Potential Sorbents for PFAS Sequestration on Agricultural Land
Various sorbents, such as biochars, modified clays, activated carbons, various drinking water treatment residuals (DWTR), nanoparticles, and even wood chips blended with biosolids have been studied for their PFAS-sorption affinities. An overview of recent research focused on this topic is outlined below to provide thoughts for filling research gaps.
Biochars
Several designer sorbents have been tested at the bench scale to target high PFAS sorption capacity; however, scalability in terms of provision and cost at the landscape scale are unlikely. Therefore, much attention has turned toward biochar that can be produced in large volumes. Biochars are created by pyrolyzing organically based feedstocks in an oxygen-depleted or oxygen-devoid environment. Pyrolysis temperatures often range from 350 °C to 700 °C, although greater temperatures have been utilized for biochar creation.
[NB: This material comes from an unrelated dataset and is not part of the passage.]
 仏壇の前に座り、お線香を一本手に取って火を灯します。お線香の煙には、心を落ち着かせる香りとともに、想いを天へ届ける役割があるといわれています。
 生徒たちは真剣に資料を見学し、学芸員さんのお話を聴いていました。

Biochars have been proven to be useful sorbents for heavy metals and trace organic compounds from waters and soils, and thus a great deal of interest is presently focused on biochar use as a sorbent for PFAS. Biochar is specifically named as a candidate amendment under the Soil Carbon Amendment conservation practice
standard (Code 336; USDA 2022) to improve soil health. However, at present, its ability (as well as the ability of other possible sorbents) to sequester PFAS is not part of a practice standard to address contamination.
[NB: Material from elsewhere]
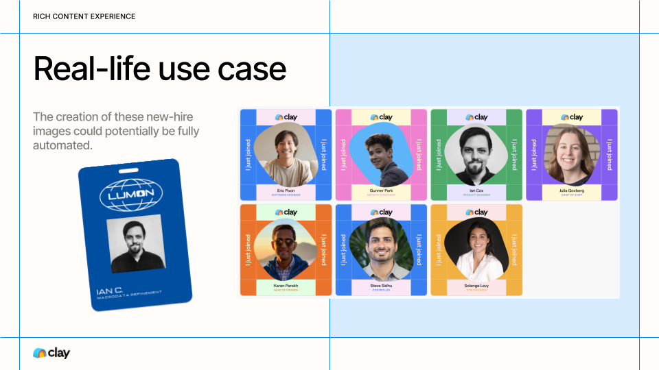 Clay product designer Ian fully automated the manual process of creating employee welcome materials. His system:

A recent review of using biochars for mitigating PFAS in agricultural settings highlighted important biochar characteristics for PFAS sorption (Ramos and Ashworth 2024). First, biochar can be effective at sorbing PFAS, but success with respect to short-versus long-chain PFAS depends on feedstock and pyrolysis conditions. For example, Inyang and Dickenson (2017) showed that both softwood (i.e., spruce pyrolyzed at 650 °C) and hardwood (source unknown, gasified at 900 °C) sorbed long-chain PFOA equal to activated carbon, yet only hardwood approached short-chain perfluorobutanoic acid (PFBA) removal as compared to activated carbon (87 percent versus 94 percent sorption, respectively); softwood biochar only sorbed 18 percent of PFBA. Inyang and Dickenson (2017) noted that the PFBA sorption efficiency of biochar appeared to increase within increasing surface area. Liu et al. (2021) compared pyrolysis temperature (500 °C, 700 °C, and 900 °C), hold time (3, 5, and 6 hours), and different feedstocks (corn cob, common reed [Phragmites australis], aspen wood chips, and soybean dreg) on biochar PFOA and PFBA removal efficiency; results are presented in Figure 5-1. PFOA removal efficiency for corn cob, reed straw, and aspen chip biochars were around 100 percent, similar to activated carbon, while soybean dreg was inferior. Removal efficiencies for PFBA by corn cob and reed straw biochar were 65 percent and 85 percent as compared to activated carbon (around 15 percent); aspen chip and soybean dreg for PFBA removal were lower than activated carbon. Pyrolysis temperature impacted PFOA and PFBA removal efficiency; increasing temperature to above 700 °C led to 100-percent removal of PFOA, yet PFBA removal efficiency was negligible at 700 °C. Not until pyrolysis temperature reached 900 °C was PFBA removal efficiency elevated to around 80 percent.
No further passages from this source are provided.